In 1874, Robert Louis Stevenson and his father, inscribed their initials and a symbol of the rising sun into a tree in the corner of the garden surrounding Swanston Cottage:
In our garden, Mossgrove, Bridge of Allan, I have also inscribed words and symbols on the trunks of old trees [such inscriptions have aquired a technical name – arborglyphs].

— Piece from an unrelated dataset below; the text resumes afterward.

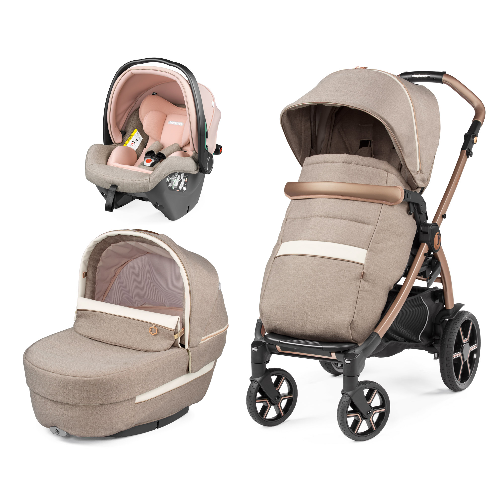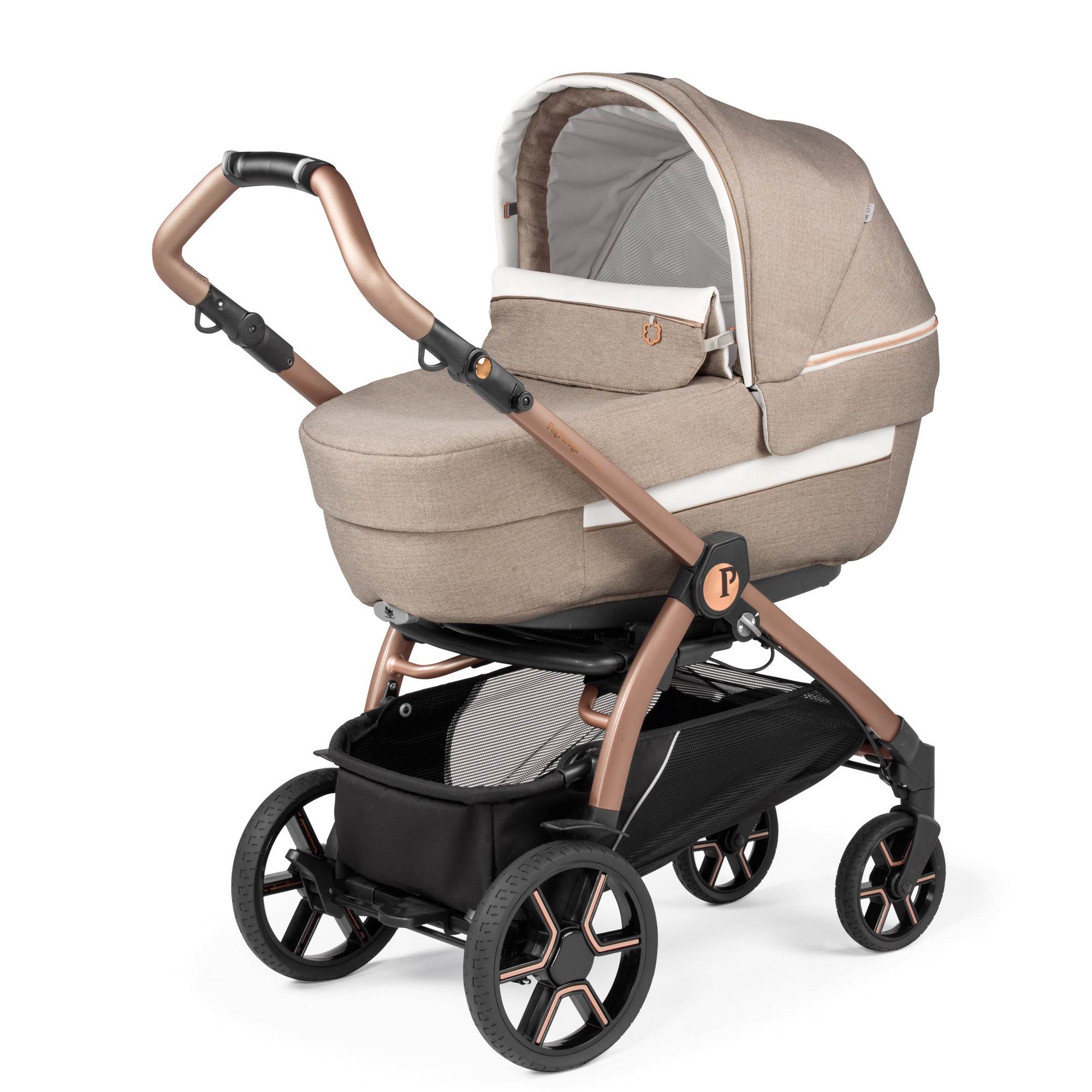 Exprima-ti stilul. Misca-te liber. Alege siguranta. Alege Peg Perego.Landou, carucior si scaun auto. Confort si siguranta in stil italian. Usor, practic, versatil. Recomandat de la nastere.Eleganta sta in detalii. Modularul Book se evidentiaza prin stilul unic al landoului Culla Elite, cu o croiala fina, cu insertiile sale moderne si designul italian, toate contribuind la confortul copilului.Caruciorul dotat cu un scaun (hamac) reversibil, este pregatit pentru plimbari relaxante. Directia sa agila si dinamica, il face usor de folosit ;in orase si aglomerari urbane. Echipat cu amortizoare si avand doar 51 cm latime, trece cu usurinta testul liftului. Calatoria in siguranta in masina este garantata de scaunul auto Primo Viaggio SLK.Primo Viaggio SLK este scaunul auto i-Size omologat conform noului standard ECE R129/03. Cu acest scaun, un copil poate calatori mai mult timp in pozitia rear-facing (orientat in sensul invers de mers al masinii), pana cand inaltimea copilului va fi de 87 cm si greutatea de 13 kg (0 – 15 luni). In plus, este potrivit si pentru calatoriile cu avionul.Scaunul Auto Peg Perego Primo Viaggio SLK a fost testat, pentru siguranta, in caz de impact, la testele Stiftung Warentest, ADAC, ÖAMTC si TCS, realizate in anul 2022, obtinand calificativul „Good” (Bun), cu nota 1.9, la testele cu Baza i-Size – 0, +1 (baza se achizitioneaza separat). La testele ADAC cu prinderea scaunului auto in masina, cu centura de siguranta a masinii a obtinut calificativul „Good” (Bun).Gustul eclectic si designul contemporan o recomanda drept cea mai moderna colectie. Cu detalii conform tenditelor la moda, tesatura Graphic Gold se potriveste cu garniturile aurii ale sasiului.Landoul Culla ElitePrimul patut al copilului, cu ajutorul caruia il puteti legana si plimba la fel de confortabil si sigur ca in bratele voastre. Materialele si designul landoului Culla Elite asigura o buna ventilare si o pozitie ergonomica foarte buna, pentru confortul copilului vostru. Are incorporata o saltea pentru un plus de confort. Landoul Culla Elite este omologat pentru transportul copilului in masina (cu un kit auto care se achizitioneaza separat)Capotina cu panorama – Bucurati-va de plimbari confortabile in orice sezon datorita capotinei cu tesatura UPF 50+, care va proteja bebelusul impotriva soarelui. ;Fermoarul ascunde o insertie din plasa care permite o ventilare mai buna.Husa pentru picioare adaptabila – Capotina si husa pentru picioare adaptabila, creeaza conditiile perfecte pentru a va proteja bebelusul si a-l scoate la plimbare indiferent de vremea de afara. Prevazuta cu insertie pentru a suspenda jucaria preferata a copilului.Confort si relaxare – Sistemul unic ”Comfort System” regleaza simultan spatarul si suportul pentru picioare, mentinand pozitia ergonomica optima pentru confortul si relaxarea bebelusului, cand este treaz sau cand doarme. Prin ajustarea sistemului „4 Seasons System”, veti avea intotdeauna climatul ideal in interiorul landoului: cald iarna si racoare vara.Maner pentru transport incorporat – Manerul elegant, incorporat, din piele ecologica este un brevet Peg Perego. Puteti cobora capotina cu o singura mana.Confort si relaxare si in interiorul casei! – Landoul Culla Elite este plin de surprize! Poate fi folosit ca un leagan, balansoar datorita bazei rotunjite, ca un patut, datorita picioruselor care pot fi extinse din baza landoului sau ca un cos atunci cand este fixat pe suportul pentru landou (accesoriu care se achizitioneaza separat).Caruciorul BookEleganta sta in detaliile caruciorului Book, aprobat pentru utilizare de la nastere: un scaun (hamac) reversibil, o husa pentru picioare confortabila. Exceptional de agil ca directie, masurand ;doar 51 cm latime, este foarte versatil si usor de utilizat!Confort de la nastere – Scaunul reversibil al caruciorului Book ofera plimbari confortabile de la nastere pana cand bebelusul ajunge la 22 kg ;greutate. Spatarul si capotina se regleaza simultan.Roti de calitate superioara – Rotile din cauciuc siliconat, cu amortizoare pe rotile din spate si rulmenti cu bile asigura o directie agila pe toate tipurile de teren. Butonul pozitionat in partea lapterala a sasiului, va permite sa schimbati pozitia rotilor din fata, de la blocat, la pivotant si invers, fara a va apreca.Maner ergonomic si reglabil – Agilitatea directiei este garantata, chiar si cu o singura mana. Manerul este prevazut cu piele ecologica ;asigurand un confort maxim.Pliere compacta – Caruciorul Book se deschide si se inchide cu o singura mana, cu scaunul fixat in ambele pozitii. Se sustine singur in pozitie verticala si ocupa putin spatiu.Capotina mare, protectie UPF 50+ – ;Capotina confortabila si extensibila cu vizor, protejeaza somnul bebelusului de soare si vant.Cos pentru accesorii incapator – Fie ca va plimbati prin parc sau faceti cumparaturi, cosul mare cu acces facil va ajuta sa mentineti la indemana tot ce aveti nevoie. Finisajele reflectorizante contribuie la siguranta plimbarilor pe timp de noapte.Scaun (hamac) confortabil – Confortul si functionalitatea sunt garantate de un scaun spatios, o centura cu prindere in 5 puncte si o bara din piele ecologica care se deschide si se inchide cu usurinta.Primo Viaggio SLKPrimo Viaggio SLK este scaunul auto i-Size omologat conform noului standard ECE R129/03. Cu acest scaun, un copil poate calatori mai mult timp in pozitia rear-facing (orientat in sensul invers de mers al masinii), pana cand inaltimea copilului va fi de 87 cm si greutatea de 13 kg (0 – 15 luni). In plus, este potrivit si pentru calatoriile cu avionul.Scaun auto testat ADACScaunul Auto Peg Perego Primo Viaggio SLK a fost testat, pentru siguranta, in caz de impact, la testele Stiftung Warentest, ADAC, ÖAMTC si TCS, realizate in anul 2022, obtinand calificativul „Good” (Bun), cu nota 1.9, la testele cu Baza i-Size – 0, +1 (baza se achizitioneaza separat). La testele ADAC cu prinderea scaunului auto in masina, cu cen

Of all my arborglyphs, this is the most important one to me:
This arborglyph may seem like just numbers. It is infact the time that our son Andrew was born, 4.04am:
This arborglyph has not survived as we had the tree it was inscribed upon chopped down (the tree was too large for a small garden and we replaced it with a smaller one). Around the inscribed text – ‘It was done for itself alone’ – grew the Scottish rose ‘Janet B. Wood’ which came from the cutting that a patient of mine gave me (then an old lady, now long dead):
When our daughter Rachel was much smaller she helped me carve three cats into the trunk of one of our Holly trees:
This inscription records a fictional character. ‘LEN’ features in the novel ‘That Summer’. This book by Andrew Greig made me cry several times:
This ‘arborglyph’ is unlikely to last. Glenbardy is the remote place in Upper Deeside where I would like my ashes to be scattered. A few years ago I took a wooden heart that I had inscribed ‘PETER + SIAN’ and hid it deep in one of the collapsed gable walls of the auld fairmhoose of Glenbardy. Not a single story about Glenbardy has survived:
This film shows me taking the heart PETER + SIAN to Glenbardy, it’s final home:
To play this film please click here or on the image above.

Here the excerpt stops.